Session 2b: Cold Start and Hybrid Recommender Systems
Date: Thursday, Sept 17, 2015, 09:00-10:30
Location: HS 5
Chair: George Karypis
- ExcUseMe: Asking Users to Help in Item Cold-Start Recommendations
by Michal Aharon, Oren Anava, Noa Avigdor-Elgrabli, Dana Drachsler-Cohen, Shahar Golan, and Oren Somekh
The item cold-start problem is of a great importance in collaborative filtering (CF) recommendation systems. It arises when new items are added to the inventory and the system cannot model them properly since it relies solely on historical users’ interactions (e.g., ratings). Much work has been devoted to mitigate this problem mostly by employing hybrid approaches that combine content-based recommendation techniques or by devoting a portion of the user traffic for exploration to gather interactions from random users.
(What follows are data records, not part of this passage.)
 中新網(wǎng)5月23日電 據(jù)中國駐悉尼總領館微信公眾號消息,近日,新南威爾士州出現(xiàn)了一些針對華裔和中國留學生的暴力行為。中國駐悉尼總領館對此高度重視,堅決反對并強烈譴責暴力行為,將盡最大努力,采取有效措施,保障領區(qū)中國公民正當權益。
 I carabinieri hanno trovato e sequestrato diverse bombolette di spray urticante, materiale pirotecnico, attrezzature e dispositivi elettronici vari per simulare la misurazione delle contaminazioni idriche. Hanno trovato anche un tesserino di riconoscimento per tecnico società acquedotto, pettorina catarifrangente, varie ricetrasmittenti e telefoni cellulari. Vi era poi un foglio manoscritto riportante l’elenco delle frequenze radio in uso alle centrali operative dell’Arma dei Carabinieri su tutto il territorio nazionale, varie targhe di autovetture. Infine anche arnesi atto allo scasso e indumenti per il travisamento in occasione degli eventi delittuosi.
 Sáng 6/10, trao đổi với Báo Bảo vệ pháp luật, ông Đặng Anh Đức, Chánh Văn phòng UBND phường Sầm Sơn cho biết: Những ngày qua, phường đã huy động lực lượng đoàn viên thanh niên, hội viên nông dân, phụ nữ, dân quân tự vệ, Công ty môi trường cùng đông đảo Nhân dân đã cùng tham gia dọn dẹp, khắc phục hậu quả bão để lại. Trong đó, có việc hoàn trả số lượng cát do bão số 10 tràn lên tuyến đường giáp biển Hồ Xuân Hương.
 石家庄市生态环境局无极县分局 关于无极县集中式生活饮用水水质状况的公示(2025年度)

We focus on pure CF recommender systems (i.e., without content or context information) in a realistic online setting, where random exploration is inefficient and smart exploration that carefully selects users is crucial due to the huge flux of new items with short lifespan. We further assume that users arrive randomly one after the other and that the system has to immediately decide whether the arriving user will participate in the exploration of the new items.
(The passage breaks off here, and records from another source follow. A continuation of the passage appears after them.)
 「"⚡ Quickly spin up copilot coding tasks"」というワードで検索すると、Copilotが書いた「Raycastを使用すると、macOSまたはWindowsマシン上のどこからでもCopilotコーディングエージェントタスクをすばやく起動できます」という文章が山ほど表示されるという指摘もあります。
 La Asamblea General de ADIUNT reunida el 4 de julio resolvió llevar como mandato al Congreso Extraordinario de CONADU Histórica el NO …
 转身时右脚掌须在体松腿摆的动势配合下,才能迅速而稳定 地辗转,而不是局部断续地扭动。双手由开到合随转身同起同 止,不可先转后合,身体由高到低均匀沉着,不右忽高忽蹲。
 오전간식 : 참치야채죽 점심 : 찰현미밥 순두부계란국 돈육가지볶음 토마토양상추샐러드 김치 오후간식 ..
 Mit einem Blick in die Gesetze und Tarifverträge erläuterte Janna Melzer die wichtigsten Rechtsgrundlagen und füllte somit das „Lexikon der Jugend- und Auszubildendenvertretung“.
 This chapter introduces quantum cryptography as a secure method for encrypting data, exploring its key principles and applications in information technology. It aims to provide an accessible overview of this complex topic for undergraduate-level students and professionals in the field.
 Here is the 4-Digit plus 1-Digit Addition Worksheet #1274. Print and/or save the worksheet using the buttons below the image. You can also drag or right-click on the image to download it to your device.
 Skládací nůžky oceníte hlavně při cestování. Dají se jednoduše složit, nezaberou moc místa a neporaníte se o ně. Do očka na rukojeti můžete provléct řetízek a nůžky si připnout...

For this setting we present ExcUseMe, a smart exploration algorithm that selects a predefined number of users for exploring new items. ExcUseMe gradually excavates the users that are more likely to be interested in the new items and models the new items based on the users’ interactions. We evaluated ExcUseMe on several datasets and scenarios and compared it to state-of-the-art algorithms. Experimental results indicate that ExcUseMe is an efficient algorithm that outperforms all other algorithms in all tested scenarios.
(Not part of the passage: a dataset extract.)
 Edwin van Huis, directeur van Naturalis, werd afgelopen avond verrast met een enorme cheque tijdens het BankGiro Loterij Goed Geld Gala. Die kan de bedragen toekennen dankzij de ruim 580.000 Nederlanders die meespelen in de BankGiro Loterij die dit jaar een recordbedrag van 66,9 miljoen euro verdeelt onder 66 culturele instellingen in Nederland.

- Cold-Start Item and User Recommendation with Decoupled Completion and Transduction
by Iman Barjasteh, Rana Forsati, Farzan Masrour, Abdol-Hossein Esfahanian and Hayder Radha
A major challenge in collaborative filtering based recommender systems is how to provide recommendations when rating data is sparse or entirely missing for a subset of users or items, commonly known as the cold-start problem. In recent years, there has been considerable interest in developing new solutions that address the cold-start problem. These solutions are mainly based on the idea of exploiting other sources of information to compensate for the lack of rating data. In this paper, we propose a novel algorithmic framework based on matrix factorization that simultaneously exploits the similarity information among users and items to alleviate the cold-start problem. In contrast to existing methods, the proposed algorithm decouples the following two aspects of the cold-start problem: (a) the completion of a rating sub-matrix, which is generated by excluding cold-start users and items from the original rating matrix; and (b) the transduction of knowledge from existing ratings to cold-start items/users using side information. This crucial difference significantly boosts the performance when appropriate side information is incorporated. We provide theoretical guarantees on the estimation error of the proposed two-stage algorithm based on the richness of similarity information in capturing the rating data. To the best of our knowledge, this is the first algorithm that addresses the cold-start problem with provable guarantees. We also conduct thorough experiments on synthetic and real datasets that demonstrate the effectiveness of the proposed algorithm and highlights the usefulness of auxiliary information in dealing with both cold-start users and items.
- HyPER: A Flexible and Extensible Probabilistic Framework for Hybrid Recommender Systems
by Pigi Kouki, Shobeir Fakhraei, James Foulds, Magdalini Eirinaki and Lise Getoor
As the amount of recorded digital information increases, there is a growing need for flexible recommender systems which can incorporate richly structured data sources to improve recommendations. In this paper, we show how a recently introduced statistical relational learning framework can be used to develop a generic and extensible hybrid recommender system. Our hybrid approach, HyPER (HYbrid Probabilistic Extensible Recommender), incorporates and reasons over a wide range of information sources. Such sources include multiple user-user and item-item similarity measures, content, and social information. HyPER automatically learns to balance these different information signals when making predictions. We build our system using a powerful and intuitive probabilistic programming language called probabilistic soft logic, which enables efficient and accurate prediction by formulating our custom recommender systems with a scalable class of graphical models known as hinge-loss Markov random fields. We experimentally evaluate our approach on two popular recommendation datasets, showing that HyPER can effectively combine multiple information types for improved performance, and can outperform existing state-of-the-art approaches.